A random hyperbolic surface, chosen uniformly at random from the moduli space of genus-g surfaces, is almost surely maximally connected. Its Cheeger constant — a measure of how hard it is to cut the surface into disconnected pieces — approaches the theoretical maximum as the genus increases.
This inverts the standard expectation about randomness. Random structures are usually assumed to be generic, mediocre, average. A random graph has average connectivity. A random number has average divisibility properties. Randomness, in most settings, produces typicality — and typicality is far from optimal.
Nalini Anantharaman and Laura Monk showed that for hyperbolic surfaces, typicality is optimality. The typical surface is not just well-connected; it is as well-connected as any surface could be. Randomness doesn't produce mediocrity here. It produces excellence.

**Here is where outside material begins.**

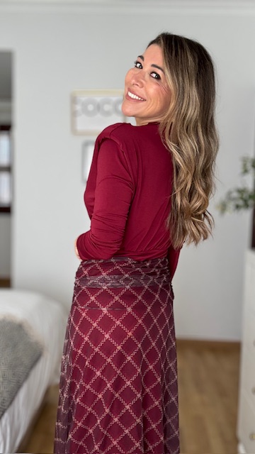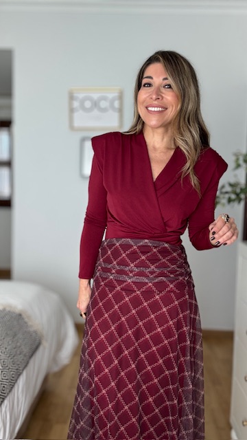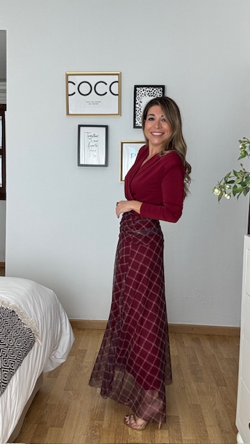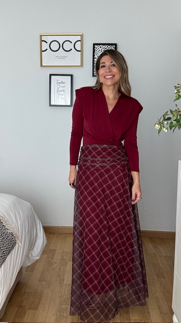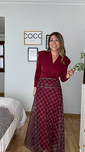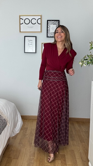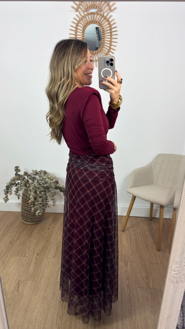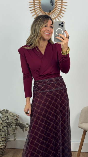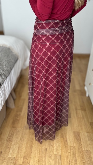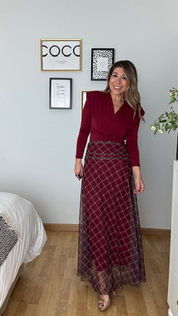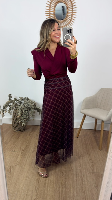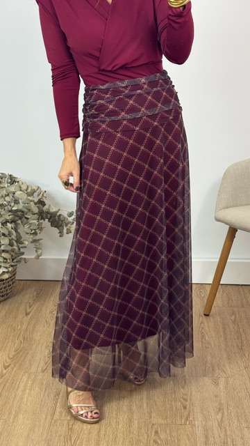 Falda de tul en color burdeos con estampado de cuadros en tonos camel y forro interior. Talla única válida desde la 36 hasta la 44.

The mechanism is that the constraints of negative curvature are so strong that they leave almost no room for poorly connected surfaces. In flat or positively curved geometry, there are many ways to build a surface with bottlenecks — narrow passages that, if cut, would disconnect it. In hyperbolic geometry, the exponential growth of area with radius makes bottlenecks geometrically expensive. A narrow passage in a hyperbolic surface must connect regions that are growing exponentially, and maintaining the narrowness against that growth requires a precise, fragile construction. Almost all surfaces fail to maintain it. Almost all surfaces are therefore maximally connected.
The result is about the shape of the space of possibilities. When constraints are weak, the space is large, most points are mediocre, and finding optimal structures requires search. When constraints are strong enough, the space collapses: almost every point is near-optimal because the constraints eliminate the mediocre configurations. The optimal isn't found. The suboptimal is forbidden.
This pattern — constraints so severe that they force excellence — appears in other settings. Error-correcting codes approaching the Shannon limit. Random matrices having universal eigenvalue statistics. Physical systems near critical points displaying universal scaling. In each case, the structure is not designed for optimality. It is constrained into optimality by the geometry of the space it inhabits. The typical and the optimal converge because the space itself has no room for anything else.